Nilai budaya merupakan lapisan abstrak dan luas ruang lingkupnya, tingkat ini adalah ide-ide yang mengkonsepkan hal-hal yang paling bernilai dalam kehidupan masyarakat. Kluckhohn dalam Pelly (1994) mendefinisikan nilai budaya sebagai konsepsi umum yang terorganisasi dan mempegaruhi perilaku yang berhubungan dengan alam, kedudukan manusia dengan alam, hubungan orang dengan orang lain, dengan hal-hal yang diingkan atau tidak diinginkan yang mungkin bertalian dengan hubungan orang dengan lingkungan dan sesama manusia. Nilai-nilai budaya bersifat umum, luas, dan tidak konkret. Oleh sebab itu, nilai budaya tidak dapat diganti dengan nilai-nilai budaya yang lain dalam waktu singkat. Sibarani (2004 : 178) membagi nilai-nilai budaya menjadi dua bagian, yaitu (1) kedamaian, ialah kesopansantunan, kejujuran, kesetiakawanan sosial, kerukunan, komitmen, pikiran positif, dan rasa syukur; dan (2) kesejahteraan, ialah kerja keras, disiplin, pendidikan, kesehatan, gotong-royong, pengelolaan gender, pelestarian, kreativitas budaya, dan peduli lingkungan. 2.2.4 Sistem dan Orientasi Nilai Budaya Sistem merupakan istilah dari bahasa Yunani system yang memiliki arti himpunan bagian atau unsur yang saling berhubungan secara teratur untuk mencapai tujuan bersama. Sistem budaya merupakan tingkatan yang paling tinggi dalam adatistiadat. Hal itu disebabkan karena nilai-nilai budaya itu merupakan konsepkonsep mengenai apa yang hidup dalam alam pikiran sebagian besar dari warga

masyarakat yang dianggap bernilai dan penting dalam hidup, sehingga dapat berfungsi sebagai suatu pedoman yang memberi arah dan orientasi pada kehidupan masyarakat itu sendiri.
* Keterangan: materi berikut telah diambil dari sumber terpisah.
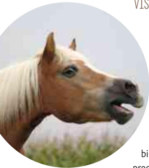
Heel hoog en lang hinniken betekent bijvoorbeeld: dit vind ik niet leuk!

NATUURLIJK KUNNEN DIEREN NIET PRATEN ZOALS JIJ EN IK. ALLEEN PAPEGAAIEN LUKT HET SOMS OM 'MENSELIJKE' WOORDEN UIT TE BRENGEN. MAAR NET ALS WIJ SPREKEN DIEREN MET ELKAAR IN HUN EIGEN TAAL, VISSEN BIJVOORBEELD.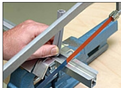
5 Mit einer Metallsäge kürzen

Dalam masyarakat ada sejumlah niali budaya yang satu dan lainnya saling berkaitan sehingga merupakan suatu sistem. Secara fungsional, sistem nilai ini mendorang individu untuk berperilaku seperti apa yang ditentukan. Mereka percaya bahwa hanya dengan berperilaku seperti itu mereka akan berhasil (Kahl dalam Pelly, 1994). Orientasi nilai budaya dalam penelitian ini akan diikuti orientasi yang berhubungan dengan masalah dasar dalam kehidupan manusia. 2.3 Tinjauan Pustaka Berdasarkan tinjauan pustaka yang dilakukan, maka ada sejumlah sumber yang relevan untuk dikaji dalam penelitian ini. Adapun sumber tersebut adalah sebagai berikut : Penelitian tentang upacara perkawinan adat Batak Toba pernah dilakukan oleh Nurcahaya (2010). Beliau membahas tentang Tuturan pada Upacara Adat Perkawinan Masyarakat Batak Toba dalam skripsinya. Metode yang digunakan adalah metode simak libat cakap yang dilanjutkan dengan teknik rekam. Tujuan penelitian ini adalah mengungkapkan tuturan yang dominan dengan menggunakan teori pragmatik. Ralisah (2005) dalam skripsinya yang berjudul Tanda-Tanda pada Upacara Pekawinan Aceh Singkil membahas tentang tanda-tanda yang ada dalam adat-istiadat perkawinan Aceh Singkil. Metode yang digunakan adalah metode

simak cakap dengan teknik yang digunakan berupa teknik pancing, teknik semuka, dan teknik catat. Sebagai bahan kajian semiotika dengan menggunakan teori Ferdinand de Saussure. Debora (2014) dalam skripsinya yang berjudul Makna Simbolik Upacara Adat Mangulosi (Pemberian Ulos) pada Siklus Kehidupan Masyarakat Batak Toba di Kecamatan Pangururan Kabupaten Samosir membahas mengenai makna simbolik pemberian ulos tersebut dan membahas tentang tahapan pemberian ulos. Metode penelitian yang dilakukan ialah metode kualitatif dan deskriptif dan dengan teknik pengumpulan data studi pustaka dan observasi. Indrayadi (2014) dalam skripsinya yang berjudul Konsep Laki-Laki dalam Leksikon Tuturan Palang Pintu Betawi di Kampung Setu Babakan DKI Jakarta : Kajian Antropolinguistik membahas tuturan yang terdapat dalam perkawinan adat Betawi. Ada pula buku yang membahas mengenai upacara perkawinan adat Batak Toba, dan beberapa uraian mengenai ulos yang dipakai dalam upacara tersebut. Buku itu ditulis oleh R.H.P. Sitompul (2009) yang berjudul Ulos Batak Toba Tempo Dulu-Masa Kini. Buku tersebut banyak membahas tentang ulos dan upacara- upacara adat Batak Toba.